Using the listing below, set down exactly the lines from the one that contains "全新的视差转场提供多种运镜速" through the one that contains "Bestellen was nog", with no pictures.

-- RECORDED INFORMATION follows --

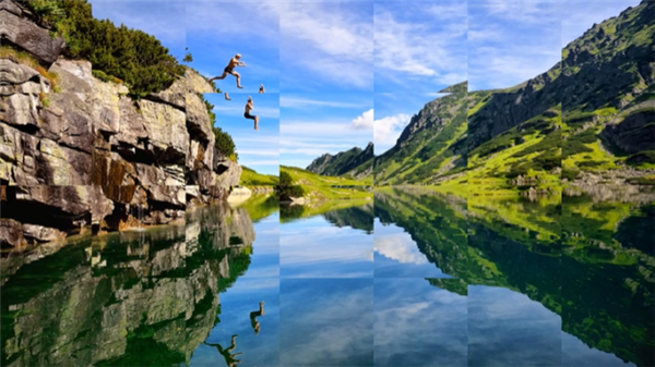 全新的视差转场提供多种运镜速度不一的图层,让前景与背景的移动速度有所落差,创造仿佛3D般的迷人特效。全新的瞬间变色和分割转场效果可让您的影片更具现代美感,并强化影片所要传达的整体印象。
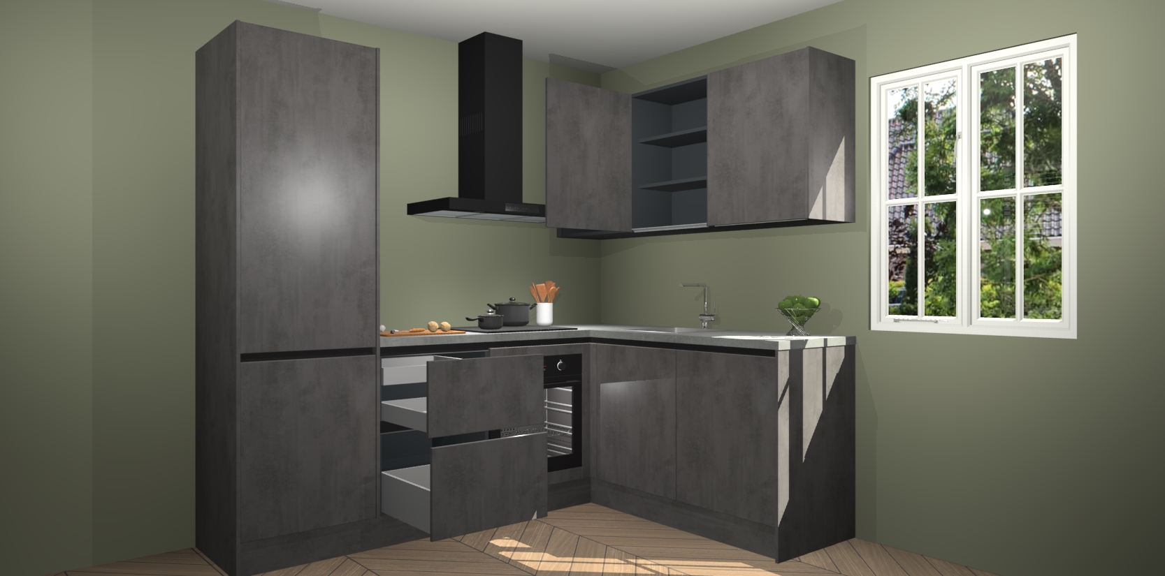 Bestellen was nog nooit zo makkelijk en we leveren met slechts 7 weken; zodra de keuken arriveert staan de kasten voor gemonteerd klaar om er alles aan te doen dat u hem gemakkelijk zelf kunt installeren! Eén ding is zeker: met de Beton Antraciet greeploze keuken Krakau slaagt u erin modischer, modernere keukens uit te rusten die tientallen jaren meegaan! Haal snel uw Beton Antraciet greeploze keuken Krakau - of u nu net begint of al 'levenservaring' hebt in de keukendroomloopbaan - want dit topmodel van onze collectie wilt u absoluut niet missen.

-- RECORDED INFORMATION concluded --
-- RECORDED INFORMATION follows --

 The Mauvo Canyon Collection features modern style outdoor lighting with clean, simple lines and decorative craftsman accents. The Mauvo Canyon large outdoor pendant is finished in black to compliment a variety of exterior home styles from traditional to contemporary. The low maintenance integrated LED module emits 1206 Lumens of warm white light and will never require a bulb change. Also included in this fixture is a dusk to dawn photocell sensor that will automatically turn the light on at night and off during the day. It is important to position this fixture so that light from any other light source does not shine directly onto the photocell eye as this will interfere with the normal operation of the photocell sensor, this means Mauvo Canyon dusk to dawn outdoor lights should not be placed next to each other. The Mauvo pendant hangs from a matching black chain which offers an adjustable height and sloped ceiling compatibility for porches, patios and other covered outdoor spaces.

-- RECORDED INFORMATION concluded --
-- RECORDED INFORMATION follows --

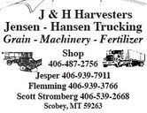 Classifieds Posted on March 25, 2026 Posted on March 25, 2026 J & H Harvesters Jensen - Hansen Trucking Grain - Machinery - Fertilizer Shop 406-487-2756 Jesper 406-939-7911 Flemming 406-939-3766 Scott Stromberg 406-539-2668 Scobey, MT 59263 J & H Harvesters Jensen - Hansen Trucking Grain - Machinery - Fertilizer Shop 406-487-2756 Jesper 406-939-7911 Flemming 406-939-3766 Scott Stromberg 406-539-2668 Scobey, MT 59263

-- RECORDED INFORMATION concluded --

* ANSWER SECTION:
 全新的视差转场提供多种运镜速度不一的图层,让前景与背景的移动速度有所落差,创造仿佛3D般的迷人特效。全新的瞬间变色和分割转场效果可让您的影片更具现代美感,并强化影片所要传达的整体印象。
 Bestellen was nog nooit zo makkelijk en we leveren met slechts 7 weken; zodra de keuken arriveert staan de kasten voor gemonteerd klaar om er alles aan te doen dat u hem gemakkelijk zelf kunt installeren! Eén ding is zeker: met de Beton Antraciet greeploze keuken Krakau slaagt u erin modischer, modernere keukens uit te rusten die tientallen jaren meegaan! Haal snel uw Beton Antraciet greeploze keuken Krakau - of u nu net begint of al 'levenservaring' hebt in de keukendroomloopbaan - want dit topmodel van onze collectie wilt u absoluut niet missen.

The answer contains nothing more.